"It seems they've had some difficulty in getting alfalfa here lately," the girl explained. "I'm sorry, Mr. Huber. The best I can do for you is to promise to bring every bale I can next trip."
"Rush it," ordered the merchant. "If you can make it, let somebody else's order ride, Jo, and bring me every pound you can."
"I'll see what can be done," was her promise as she left and went to the little cabin that she had had built for her at the edge of town.
Here she cleansed herself of the stains of the trip, and substituted for chaps and flannel shirt a new tailor-made suit which had just come from Los Angeles. As she was about to go out again Twitter-or-Tweet Orr Tweet knocked on her door.
"Jo," he said with his whimsical smile, "I'm showing a couple o' men some property, and thought you might like to take a ride. You've never seen much of the cultivated land, have you—except from a distance? Come 'n' see what chances your money's got in Paloma Rancho, the Homesteader's Promised Land of Milk and Honey. Won't be gone over an hour."
His car was waiting, with his two prospective land purchasers in the tonneau. Jo readily agreed, for she had nothing to occupy her, and Tweet helped her in beside the driver's seat, after introducing the men to her.
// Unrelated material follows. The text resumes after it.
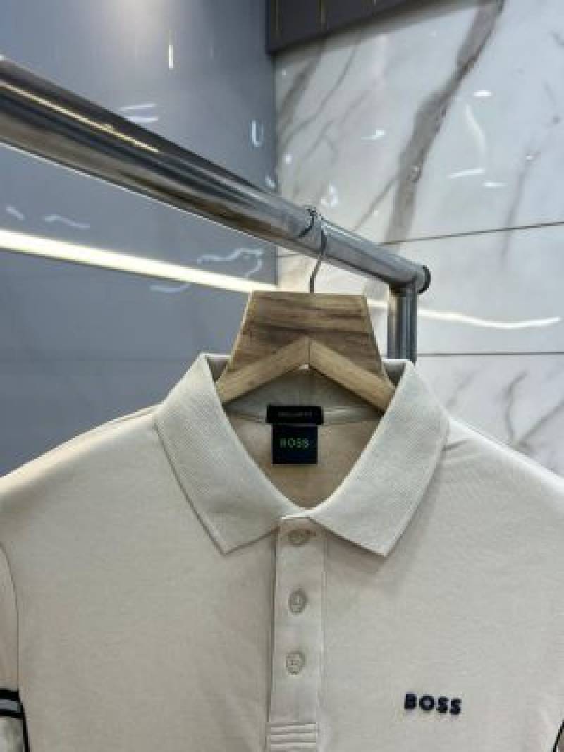 Hugo Bos s Premium Imported 240 GSM Interlock Lycra Fabric Polo Tshirt with Collar Design and Emboss Logo 4002
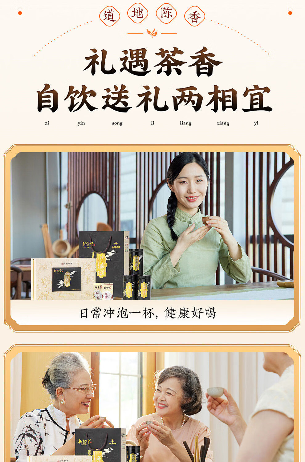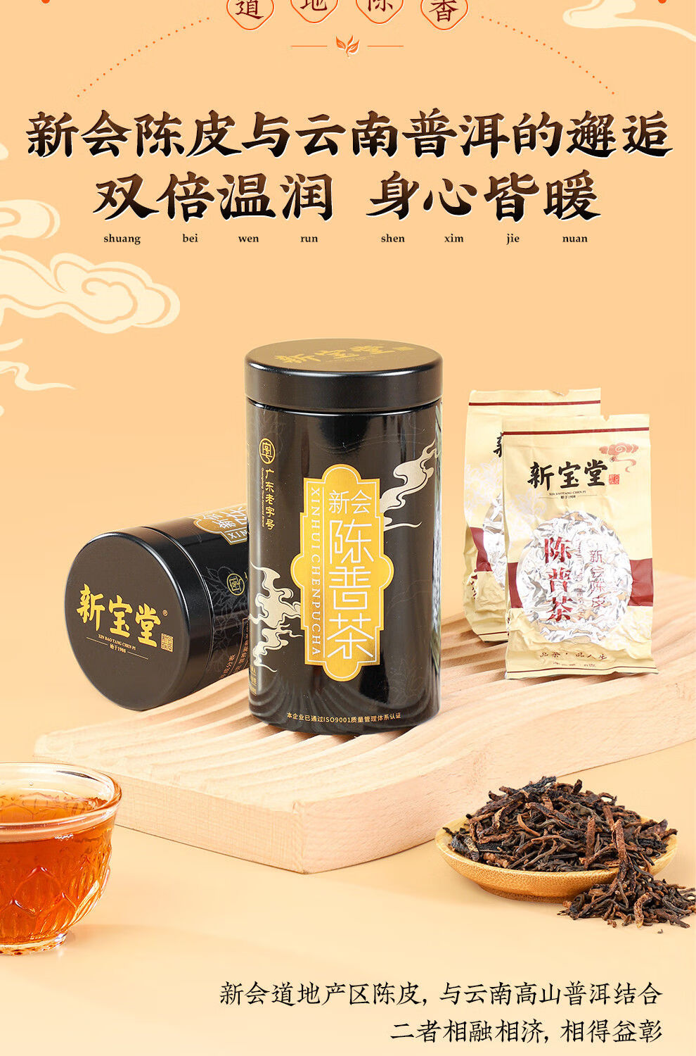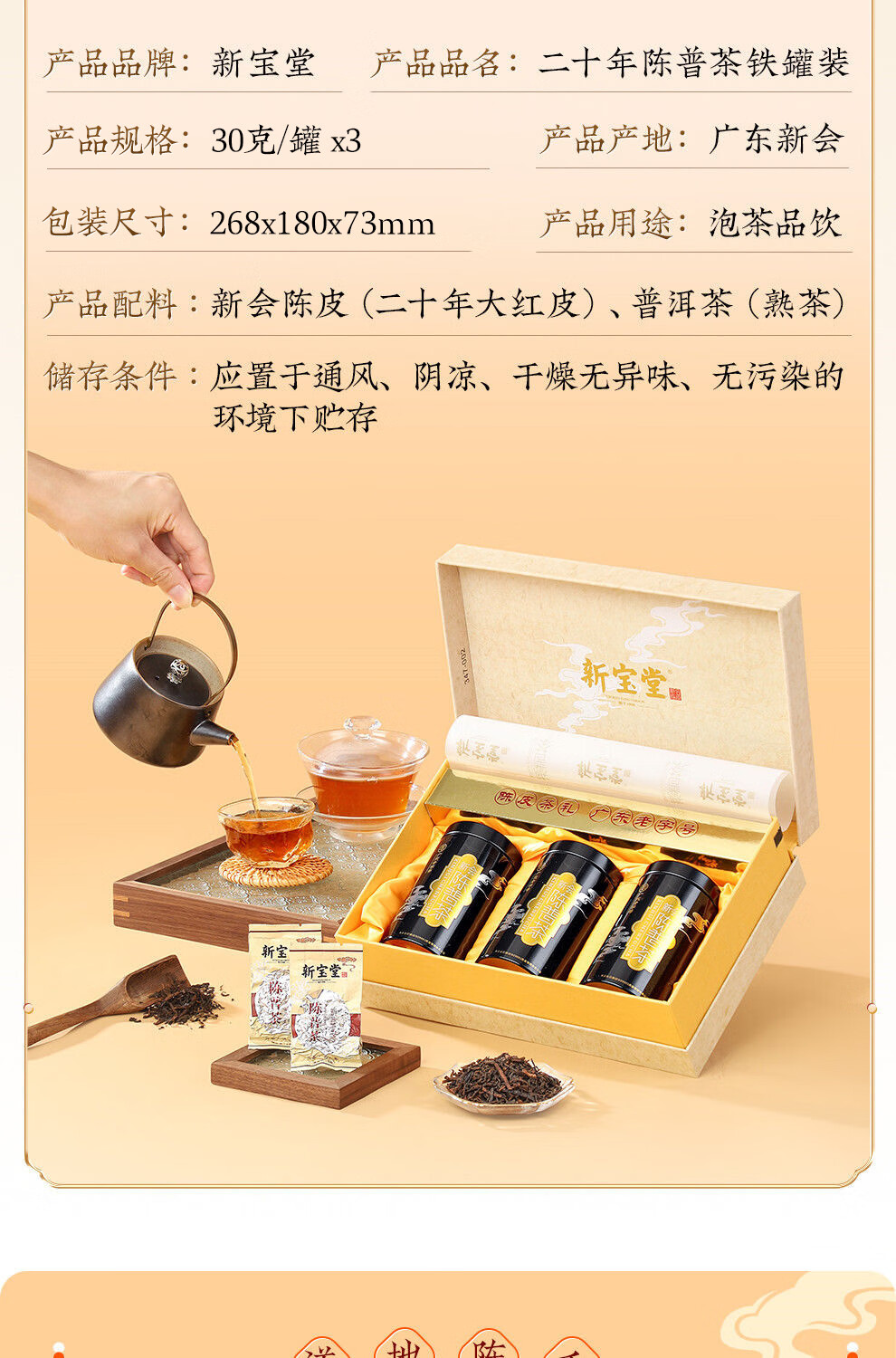 【新宝堂】 二十年陈皮 普洱茶铁罐礼盒90g

Tweet drove slowly and talked a great deal, steering the car with one hand and directing his conversation at all three of his listeners. He dwelt at length to the strangers on Jerkline Jo's great success in her freighting enterprise, not neglecting to mention that she was investing a great portion of her profits in Paloma Rancho. The men were impressed.
Jo, too, was impressed with Tweet's abilities as a salesman. He emanated confidence, and his enthusiasm seemed well-founded and sincere. In fact, the new alfalfa ranches and the orchards of young pear trees looked promising indeed, and the projects showed evidences of thrift and capability on the part of the ranchers and near-ranchers who had bought land on contract from the discoverer of Paloma Rancho's dormant possibilities.
Tweet told of his idea of eventually tapping the mountain lake near which Jo was wont to camp and bringing the water down to irrigate such portions of desert land as might require it; for there were places where three hundred feet of boring had not developed a drop of the precious fluid. The promoter had an engineer's estimate of the cost of the entire water system, and said that his original figures had been pretty close.
It all seemed feasible, and things looked generally prosperous. Jo enjoyed her ride and the opportunity to see what had been accomplished. Returning, however, the complete enjoyment of the trip was marred by tire trouble, and, with one thing and another, it was nine o'clock at night before the party, reached Ragtown.